3. Meinberg – Time Sucks

My interpretation:

An angst-plagued narrator laments their personal woes, then despairs of a dying world gripped by oligarchy.

The strengths:

- Strong choice of epigraph.

- The poem reads like a stereotypical millenial’s lament and although that will irk some people, I personally feel some degree of connection to its message. One can understand where the narrator is coming from, even if one disagrees with their approach to dealing with what’s wrong in the world. It can be painful getting older in a bleaker world.

The weaknesses:

- Though the poem emphasizes that the rich olds cling to life, the epigraph holds that everyone will die (i.e. including oligarchs). Rather than explore any possible meaning or significance, even as a pyrrhic victory, in the oligarchs’ inevitable deaths, the narrator descends into ‘nothing-matters.’

- Despite being “older than [they] should be,” the narrator’s voice comes across as immature. The title reflects this immaturity, but so does the almost adolescent tone struck by the narrator’s angst. The voice isn’t likable, and that’s because of its passivity. I do realize Bhartrhari’s poem highlights our helplessness to escape the ravages of time. But it’s one thing to be passive with respect to aging, and another to be passive with respect to all of life. None of that is to say the narrator is devoid of good reason to lament, but their approach to suffering is not much more sophisticated than “I’m taking my ball and going home.”

- It’s rather on-the-nose. The poem would be more artful if it had some subtlety, some sense of invitation for the reader to make interpretations. Otherwise, it could use a “volta,” a poetic turn which would help its progression. The piece is scarcely more than a list of complaints. It really needs to develop, to go somewhere.

- Also, wouldn’t a question mark at the end of the last line work better?

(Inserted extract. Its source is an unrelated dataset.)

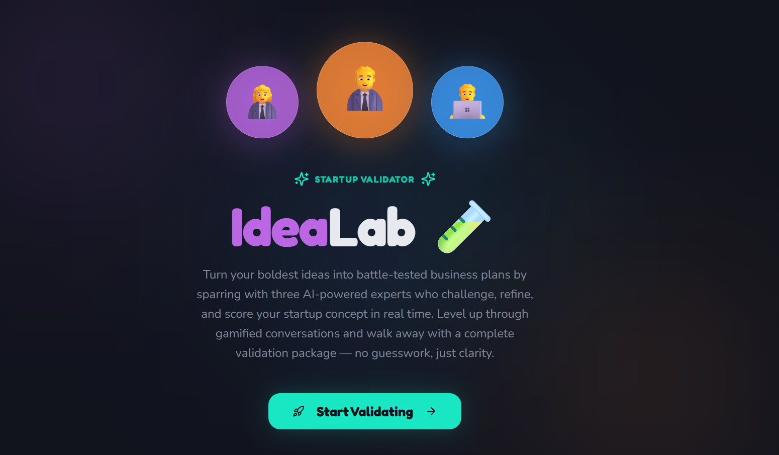 Validate your startup idea in minutes by chatting with three AI experts who stress-test your market, strategy, and product plan. Earn XP, crush objections, and walk away with a complete business plan package.

4. Antivehicular – Lament, With Fantasies

My interpretation:

A woman who survived being raped by her male partner candidly details her fantasies about what should’ve happened to him. She also reflects on her own experience of pain in that toxic relationship.

The strengths:

- The characterization works well. I get a pretty strong sense of who the narrator is, and the differences between her past and present self. I empathize with her, and I experience lots of vicarious anger reading this piece. I also get a clear glimpse at just how awful her ex is.

- You took a risk writing such intense content up to and including detailing some violent fantasy. I feel like in nearly all cases in which a poem would be this favorable to violent fantasy, the judges would rebuke it. But I think the risk pays off for you here; your piece makes it all work in a way that would be difficult for most similar poems to accomplish. Partly it works because of how much empathy the reader has for the narrator. I also like that it challenges the traditionally gendered expectation that violent fantasies are an essentially male experience. BTW that subversion kind of reminds me of the Innuendo Studios review of Fury Road, and that’s a good thing, but I digress.

-The language is reasonably good; the final two lines are especially strong.

- The poem benefits from its connection to the epigraph. One can see how depicting Aphrodite (love) as bloodied and disheveled primes the reader to examine a romantic relationship gone horribly wrong. And since Bion’s poem is a lament, it sets an appropriate tone for your lament.

The weaknesses:

- Although the poem shows readers how the narrator feels about her ex, I wish the poem detailed with more precision how the narrator feels about having these fantasies. What is a fantasy to her? Are the fantasies cordoned off in the recesses of her head such that she can explore intense, justifiably vengeful feelings on her own terms and in that relative mental safety? Or does she go through life actively burning at the forefront of her mind with the (understandable) wish for her ex to suffer? I know what her specific fantasies consist of, but I don’t know how the narrator tends to experience fantasy itself.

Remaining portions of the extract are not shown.